“What the hell are they doing?” my girlfriend asked, taking a long sip of her strong drink and squinting at the TV.
“I think they’re having sex,” I said. We were watching the latest episode of The Real L Word, a completely unnecessary reality epilog to the equally unnecessary fictional series that ended a couple years ago. I refuse to watch this program without getting drunk. We tried watching it sober once, and turned it off after 10 minutes out of sheer boredom.
For some inane reason, the women involved in this bizarre exercise have agreed to allow the show producers to install night vision cameras in their sad bedrooms, allowing us to watch loads of sloppy, drunken sex. In this episode, two of the women were lying end to end with their legs wrapped around each other. This allowed them to bump hoo-haas together while scissoring their legs. It looked incredibly uncomfortable.
“It’s scissor sex!” my girlfriend exclaimed.
“Have you ever had scissor sex?” I asked.
“No, I’ve had every type of sex, except scissor sex, and from the looks of the debacle playing out in front of us, I haven’t missed anything.”
Before my girlfriend became a responsible adult, she was a lot like a character from The Real L Word. In her early 20’s, she was a professional musician who slept on people’s floors when she wasn’t shacking up with a wide array of inappropriate love interests. She is blonde and very pretty, and she merrily admits to using her looks to hook a series of generous sugar mommas, who took care of her until she was ready to leave the nest.
We often marvel at the fact that if we had met in our 20s, rather than in our 40s, we would have never had anything to do with each other. While she was sleeping through every lesbian bedroom in Boston, I was living a life of quiet, suburban desperation with my husband. I dreamt about getting a divorce and meeting a nice, staid member of the Junior League with a penchant for sweater sets and a membership to a country club.
But in my 30s, after I left my husband, I moved to the city, got a proper haircut and learned to drink cocktails. And I dated. I dated a lot. Although I was still a suburban girl at my core, and, thus, couldn’t allow myself to be too wild, I embarked on a giddy series of bad choices that kept me and my friends entertained for several years.
At the same time, my future girlfriend dropped out of the music scene and enrolled in graduate school. She got her MBA and started her own business. She met a nice woman, they had a kid, and they moved to the suburbs.

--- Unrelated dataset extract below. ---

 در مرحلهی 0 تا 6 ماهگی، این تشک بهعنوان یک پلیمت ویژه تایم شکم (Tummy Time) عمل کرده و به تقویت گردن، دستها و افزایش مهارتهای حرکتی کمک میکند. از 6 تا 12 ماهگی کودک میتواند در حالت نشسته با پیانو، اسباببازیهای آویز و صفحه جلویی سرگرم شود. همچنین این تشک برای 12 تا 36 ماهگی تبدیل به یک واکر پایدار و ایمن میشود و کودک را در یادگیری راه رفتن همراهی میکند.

By the time we met in our early 40’s, we were finally living parallel lives. We had each left long-term relationships and were living in a small, resort community. We both had good jobs, owned homes and were much more interested in quiet happiness than nightly drama.

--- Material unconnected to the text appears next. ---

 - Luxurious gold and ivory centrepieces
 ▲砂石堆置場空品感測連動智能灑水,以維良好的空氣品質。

“I’m so happy I’m not in my 20’s,” my girlfriend proclaims at the end of each The Real L Word episode.
“I’m so glad I didn’t meet you in our 20’s,” I always say.
After last week’s episode, we decided to give scissor sex a try. It was just as uncomfortable and stupid as it looked on TV.
“I think I hurt my hip,” my girlfriend said.
“We’re too old for this,” I said, untangling myself from her.
“Thank God,” we exclaim in unison. And then reconfigured ourselves in our regular sex position, which is perfectly comfortable and reliable, and never puts either of us at risk for breaking a hip.